A SAIT grad’s career in the railways | So Good News
What happens in the railways affects all Canadians. If the shelves at Calgary’s grocery and favorite stores are full, you can probably thank a smooth (rail) operator.
Working in rail means you play a critical role in the proper functioning of Canada’s supply chain. The country is heavily dependent on railways to get grain and goods across the country and to port, making trains essential to a strong economy.
Working on the railroad pays you to travel from the Northwest Territories down to New Mexico, and see parts of North America from a completely different perspective.
“Tracks go through forests, mountains, tunnels and places that people driving don’t get to experience,” says Jason Purdy, chair of SAIT’s Railway Conductor certificate program.
A program built for success
Taking the newly revamped 12-week Rail Conductor Certificate will give you the skills you need to succeed as a train conductor. In addition, we connect you to the industry and help you secure a job.
Consider Toni Nicolas, a 2017 graduate, as an example.
She found out about the program through a recruiter, who told her she should consider the certificate to boost her resume. She knew general things about trains and the journeys she wanted to make, but the program taught her what she didn’t know, with a hands-on, hands-on education. Toni learned about train switching and marshalling (how you break up and place the different cars on a train), the physical aspect of the work (there is walking, climbing and heavy lifting involved), how to communicate clearly via radio and the importance of safety.
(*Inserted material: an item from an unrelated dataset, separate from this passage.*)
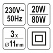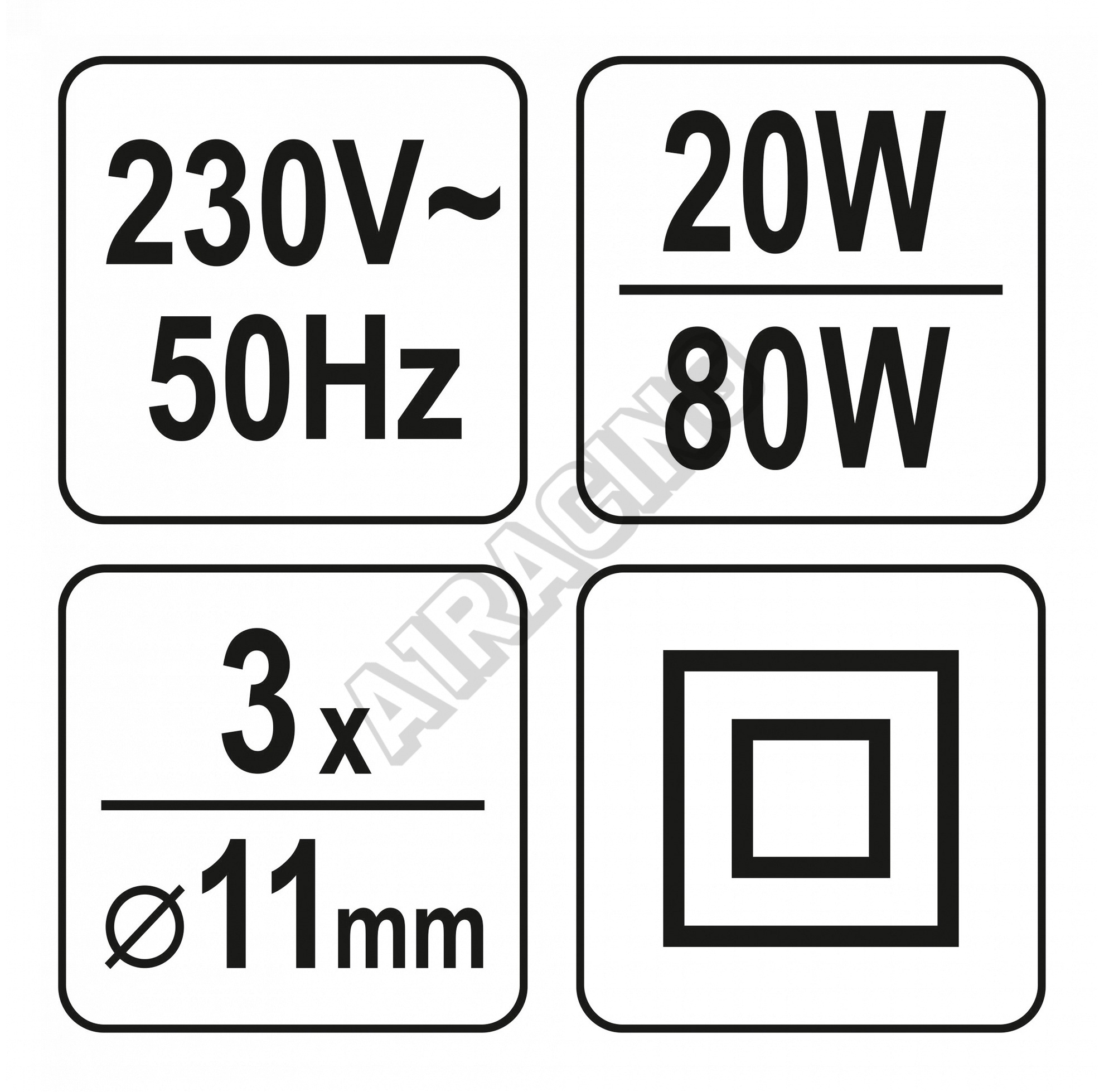 Lepící tavná pistole s výkonem 20/80 W určená k roztavení a nanášení tavného lepidla za účelem rychlého slepení papíru, korku, dřeva, kůže, textilie, umělé hmoty, keramiky atd.

Instruction in the program is combined with real-world examples to highlight reasons for the rulebook.
The benefits of a railroad job
Working in railways has proved beneficial for Toni.
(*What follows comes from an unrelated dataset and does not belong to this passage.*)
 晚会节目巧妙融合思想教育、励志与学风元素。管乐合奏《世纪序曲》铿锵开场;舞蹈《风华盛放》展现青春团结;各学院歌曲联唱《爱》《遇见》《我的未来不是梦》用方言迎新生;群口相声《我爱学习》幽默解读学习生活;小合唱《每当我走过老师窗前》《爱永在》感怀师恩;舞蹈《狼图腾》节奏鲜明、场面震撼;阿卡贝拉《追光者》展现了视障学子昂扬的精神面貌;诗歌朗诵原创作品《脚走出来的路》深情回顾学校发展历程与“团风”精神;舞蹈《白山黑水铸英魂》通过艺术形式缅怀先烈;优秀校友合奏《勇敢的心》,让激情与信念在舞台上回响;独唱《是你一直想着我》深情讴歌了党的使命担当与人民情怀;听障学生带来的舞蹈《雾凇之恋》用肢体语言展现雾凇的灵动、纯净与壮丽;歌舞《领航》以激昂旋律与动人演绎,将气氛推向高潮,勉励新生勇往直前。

“I will always be grateful that this industry has paid well enough in a job that I really enjoy while being able to support myself and my son much more easily than I would in other fields of work,” she says.
Each and every one of Toni’s classmates was given the opportunity to apply, interview and test for major railway companies such as Canadian National Railway (CN) and Canadian Pacific Railways (CP), many were given job opportunities to pursue upon completion of the program.
To do well, you have to be someone who can roll with the punches and adapt to changing circumstances, says Toni. You can work at different times every day and in all kinds of weather.
It is also possible to move around to different roles. From changing cars to locomotive maintenance, Toni’s journey has been varied. Over the past three years, her confidence has developed as she has taken on various roles including conductor, train driver and supervisor.
Although she enjoys her job, Toni is also grateful for the balance it helps provide.
“I’m very fortunate to have been employed by a company that allows me to put my family first, so having my schedule align with those around me is a huge priority,” she says. When Toni isn’t at work, she spends it with her family — biking, hiking, or running through backyard sprinklers.
Canada’s growing rail industry
CP recently acquired the Kansas City Southern Railway, expanding service to eastern Canada and US ports. CN also announced a major investment in the provinces of British Columbia ($390 million), Saskatchewan ($185 million), Manitoba ($160 million) and Ontario ($430 million). This growth will also mean more jobs, and the Railway Conductor program provides a foot into those opportunities.